Recent developments have made large-scale multidimensional data readily available in science and engineering applications. Examples include multi-tissue, multi-individual gene expression studies, in which gene expression profiles are collected from different individuals' tissues. Another example is the DBLP database, which is organized into a three-way tensor of author-by-word-by-venue, and each entry indicates the co-occurrence of the triplets. Despite the popularity of tensor data, there are many challenges to using statistical methods for analyzing higher-order tensors. Indeed, the classical spectral theory for matrices is not directly applicable to tensors, and the computational problem becomes NP-hard in the worst case. Therefore, analyzing tensor data with increasing dimensionality and ever-growing complexity requires the development of novel statistical methods, which is the aim of this project.

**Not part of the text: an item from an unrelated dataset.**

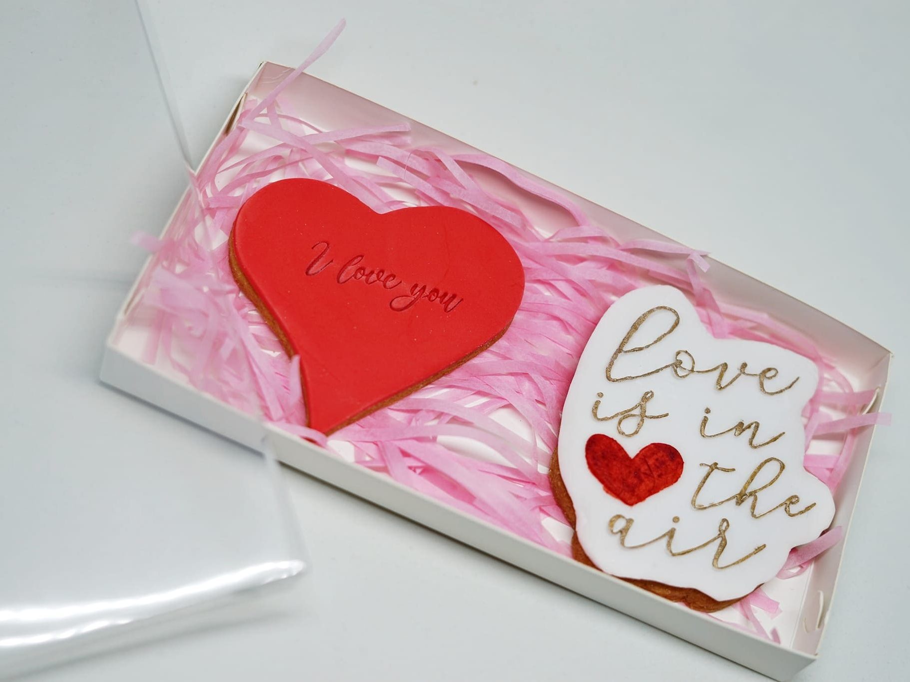 Each cookie is beautifully handcrafted and adorned with romantic designs, from delicate hearts to sweet messages. Made with the finest ingredients and a dash of love, these cookies are the perfect way to express your affection.

In this project, the PI plans to develop a framework of statistical models, scalable algorithms, and relevant theories to analyze tensor-valued data. This will allow researchers to examine complex interactions among tensor entries and between multiple tensors, thereby providing solutions to questions that cannot be addressed by traditional matrix analysis. The project will focus on three major areas: (i) spectral theory for specially-structured or random tensors; (ii) estimation of low-rank tensors from non-Gaussian observations; and (iii) joint estimation of mean and covariance for tensor-valued data.
This award reflects NSF's statutory mission and has been deemed worthy of support through evaluation using the Foundation's intellectual merit and broader impacts review criteria.